Re: Anonymous union rules against constructors & assignment

From:
"Crosbie Fitch" <crosbie@digitalproductions.co.uk>
Newsgroups:
comp.std.c++
Date:
Thu, 8 Jun 2006 08:27:30 CST
Message-ID:
<fLGdnbqS3NJxmBXZRVny1g@bt.com>
<kuyper@wizard.net> wrote in message
news:1149702049.000782.69720@c74g2000cwc.googlegroups.com...

What I really meant to say is that I'm surprised you didn't use
new(&u.b) B(123);


For clarity. I wanted to demonstrate where the difference occurred, i.e.
that a union did not call the default constructor - that it must be called
explicitly - rather than simply prohibit a non-default.

I'm curious what rules you're
proposing for the handling of unions of non-POD types, that would
produce that same sequence of constructor calls.


I'm saying that a union should not attempt to construct its members.
If I have 10 members of a union, are you really suggesting to me that each
default constructor is called that coincidentally does nothing?

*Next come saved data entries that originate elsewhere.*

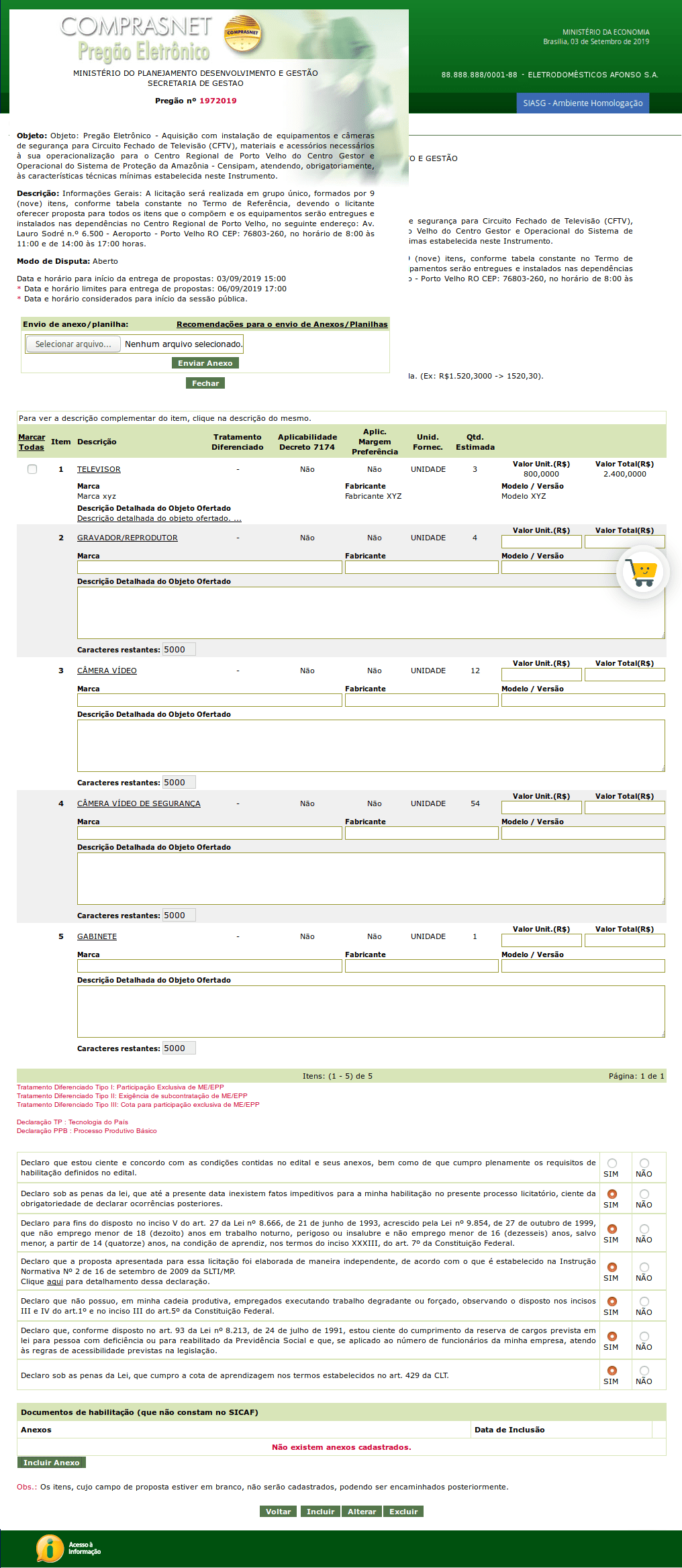 Lembre-se que na fase de Lances (Disputa), o valor ofertado será o valor total.
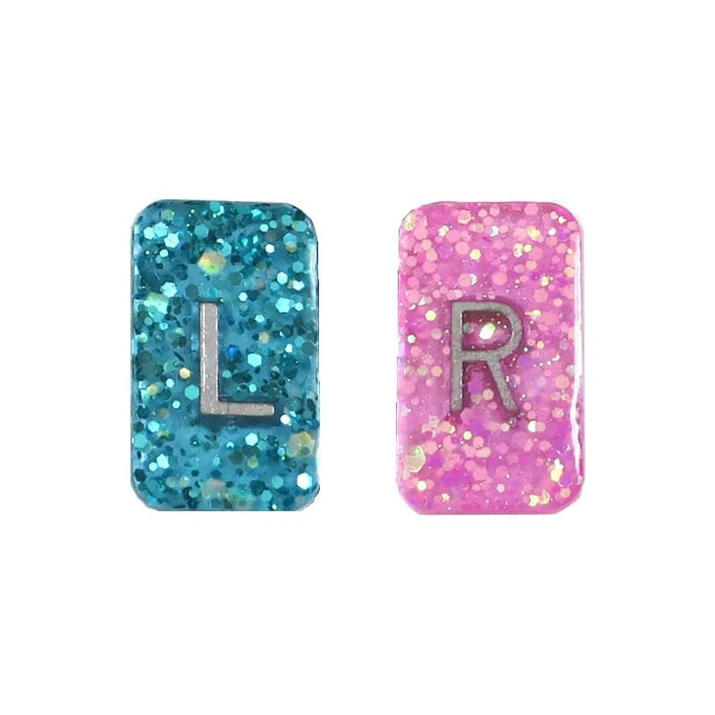 - X-RAY MARKERS: Set of two high quality X-Ray markers, made from smooth resin, measuring approximately 0.75 inch x 1.25 inch (20mm x 30 mm). The lead letters are about 1/2" tall. Color Coded: R-glitter Pink/ L-glitter Blue-Green, NO INITIALS.
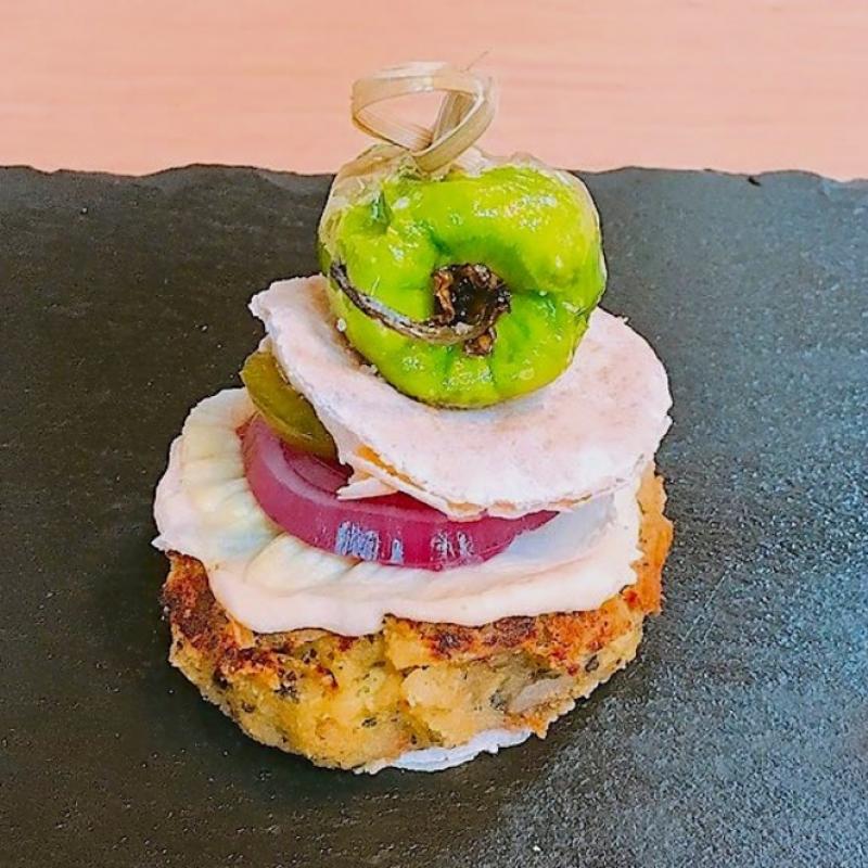 Mini-falafel, pita bread, baba ghanoush, pickles
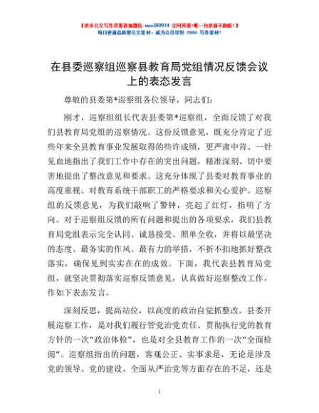 / 在县委巡察组巡察县教育局党组情况反馈会议上的表态发言
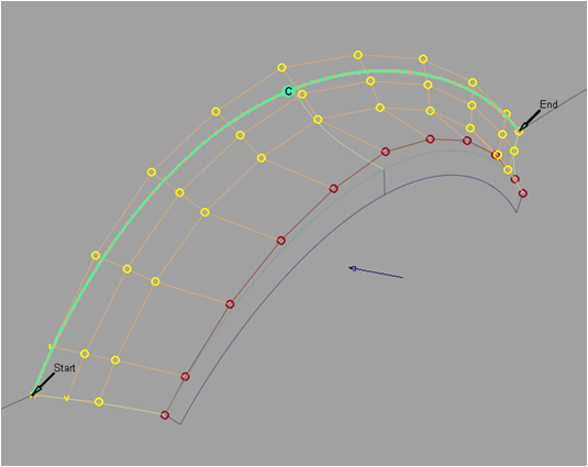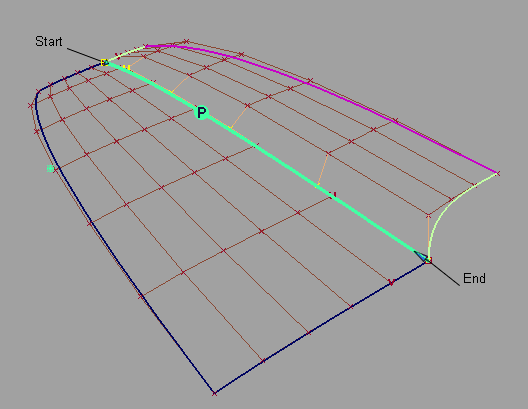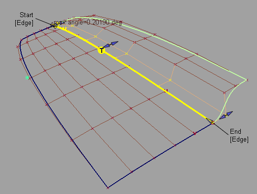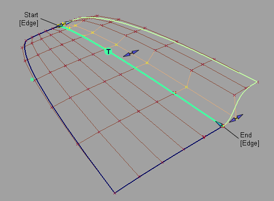 The arrows on the outside of the surface provide independent scaling of the tangent and curvature lengths on each side. The arrow in the middle of the tangent or curvature rows moves all the CVs in that row by the same amount.

Until unions are permitted to have user defined methods like classes, the
defaults have to be the C defaults, i.e. no construction/destruction and
bitwise assign-copy (of the memory - not the members).

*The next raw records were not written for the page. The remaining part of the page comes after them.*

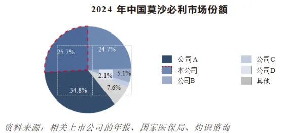 2021年,包括安必力®在内,共有三家公司的莫沙必利片被选入第四批国家VBP计划,其后,该三家公司成为莫沙必利市场的主要公司,并在市场规模上取得显着增长。于2024年,以销售收益计,该三家公司占中国莫沙必利总市场份额约85.2%。下图载列彼等各自的市场份额的排名:
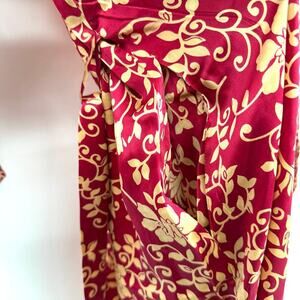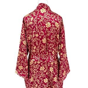 Talbots Intimates Silk Cranberry/Tan Floral Robe & Nightgown Size Medium Petite
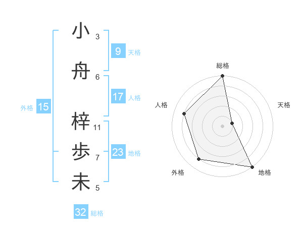 小舟 梓歩未さんの総格は32画の5点!
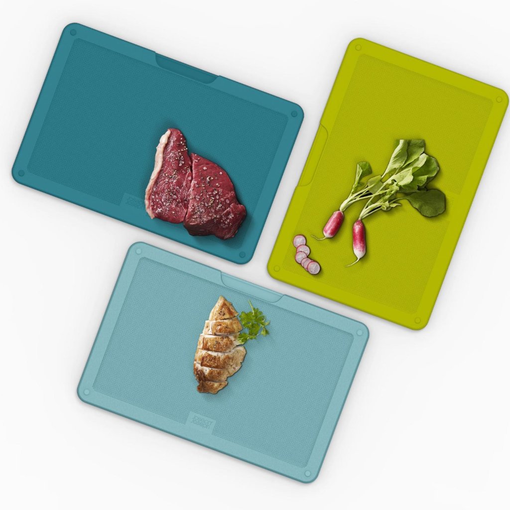 - Drie kleurgecodeerde snijplanken maken het mogelijk om het snijden van vlees, groenten en kant-en-klare gerechten overzichtelijk te scheiden en bevorderen veiliger koken zonder onnodige compromissen.
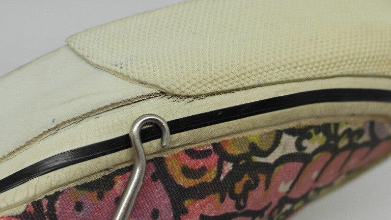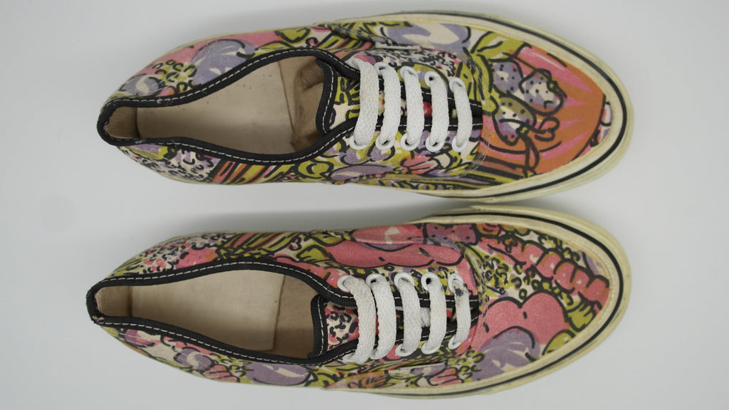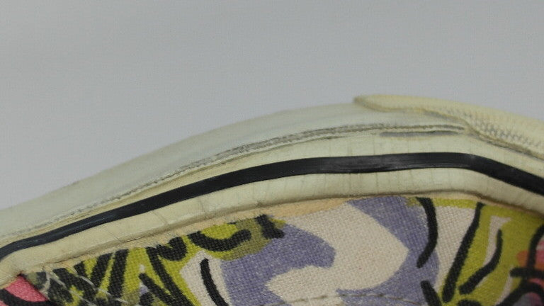 ex display pair, the left shoe especially shows extensive rubber flaking & some dryness. the rubber has not cured/solidified & remains flexible however this will lead to premature aging. extensive wrinkling upon bend & minor stress cracks. wear at own risk!
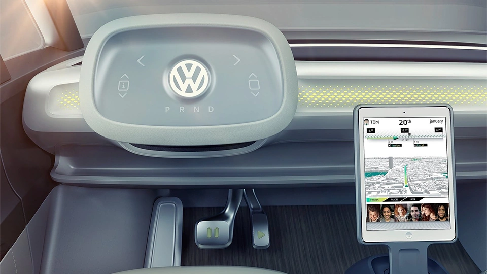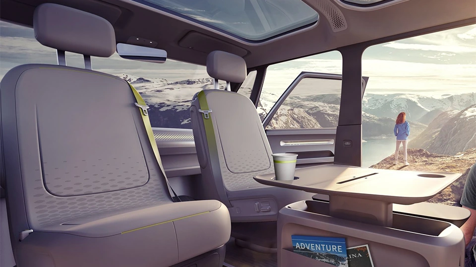 Салон Volkswagen I. D. Buzz розрахований на 8 осіб, багажників у машини два – спереду і ззаду. З увімкненим автопілотом кермо можна скласти в передню панель, а передні сидіння розвернути проти ходу руху – обличчям до другого ряду, який, у свою чергу, можна трансформувати в столики. Третій ряд крісел є можливість перетворити у ліжко.
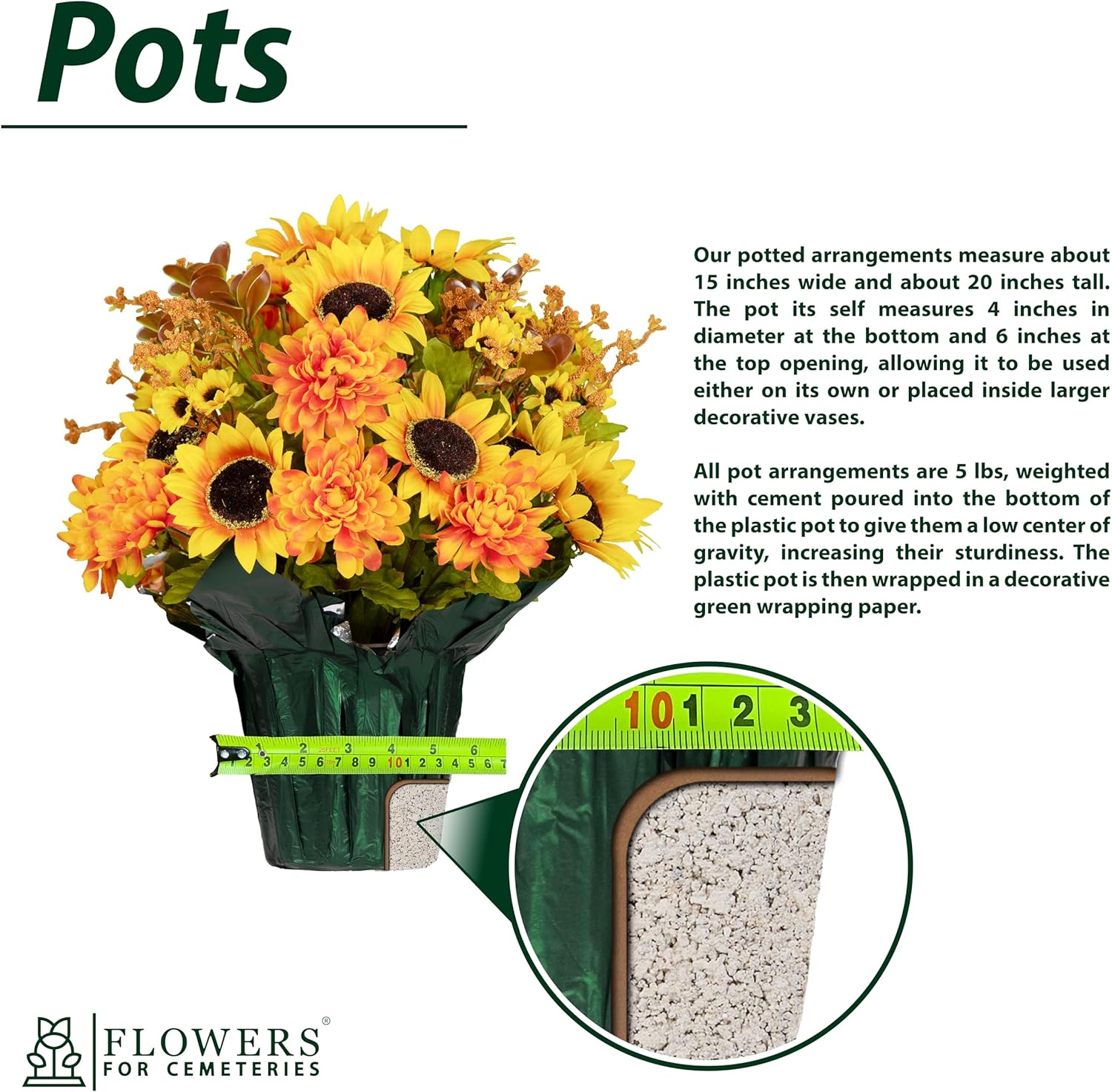2 pack of bright artificial mums with 42 stems in each pot Features & Benefits:Designed to look good all year long with no effort - Dont be fooled by this faux bouquet, no water required and no leaves to cleanup.Durable and meticulous construction - We assembled this arrangement from high quality foreign and domestic components in Marietta, GA Stain Resistant - The dyes used to color the fabric will not run out and stain anything if it gets wet. UV Resistant - We test everything in Georgia to make sure it can withstand our sunny conditions. This bouquet looked great all year, unlike real flowers that dry out, or shrivel up and don't last through the seasons Indoor or outdoor use - We designed this to withstand outdoor conditions. It will look great all year on your porch with no effort Blooming Good Guarantee - If something's wrong, let us know. We'll fix it. We've manufacturing these for about 16 years and our quality is unmatched. How big are they?The bouquet is about 18" tall and can be fluffed out to 16" in diameter. The pot base is 6" tall and 6" in diameter. The arrangement weighs about 5 pounds and is very stable. High quality long lasting mum potcan even be used on cemetery marker if you do not have a bronze vase, or if your vase is wider than 4 inches in diameter.

That's what the POD rules are for. I thought that you wanted that
restriction removed?


I'm distinguishing between the union's constructor and the constructors of
the union's members.
The union's constructor should by default do nothing - which is currently
misportrayed as actually calling each of its members default constructors
which coincidentally do nothing.

For non-POD types, C++ has abolished every guarantee that makes it
useful to view it through a union. In particular, the fact that
memcpy() is only required to work on POD types, and that sizeof() is
only required to produce meaningful results on POD types, allows an
implementation where the memory in which a non-POD object is stored is
non-contiguous.


So, you're saying that if I have
struct S
{
 int i;
    S& operator=(const S& s) { i=s.i; }
};

that even if I was allowed to put it in a union, there's no way the compiler
can compute the size of S or allocate a large enough union to contain S?
That is one lousy compiler.

How about this one:

template <class POD>
struct Empty: POD
{
    Empty& operator=(const Empty& e) { PODMethod(e); }
};

If the other member of the union is an instance of POD, why can't Empty
(which introduces the dreaded non-pod assignment and no additional members)
call a POD safe method on its POD base?

I'm talking about classes with non-trivial assignment copy operators,
where copying them bit-wise could be a whole lot more dangerous than
that. It's precisely because memcpy() won't do the right thing that the
class has a non-trivial assignment copy operator.


Let's get this straight: I agree that memcpy() is not guaranteed to copy any
non-POD object.
I'm saying that irrespective of that, that's no reason to prohibit a non-POD
member within an anonymous union. Rather than prohibit it, simply say that
memcpying an anonymous union containing a non-POD member is undefined.
Moreover, you can say that a class that contains an anonymous union with a
non-POD member will not have a default assign-copy operator or copy
constructor (or default constructor or destructor).

However, your wording implied that someone has actually promoted that
delusion. I was just asking you who that was.


I inferred it from the restrictions governing unions and their members.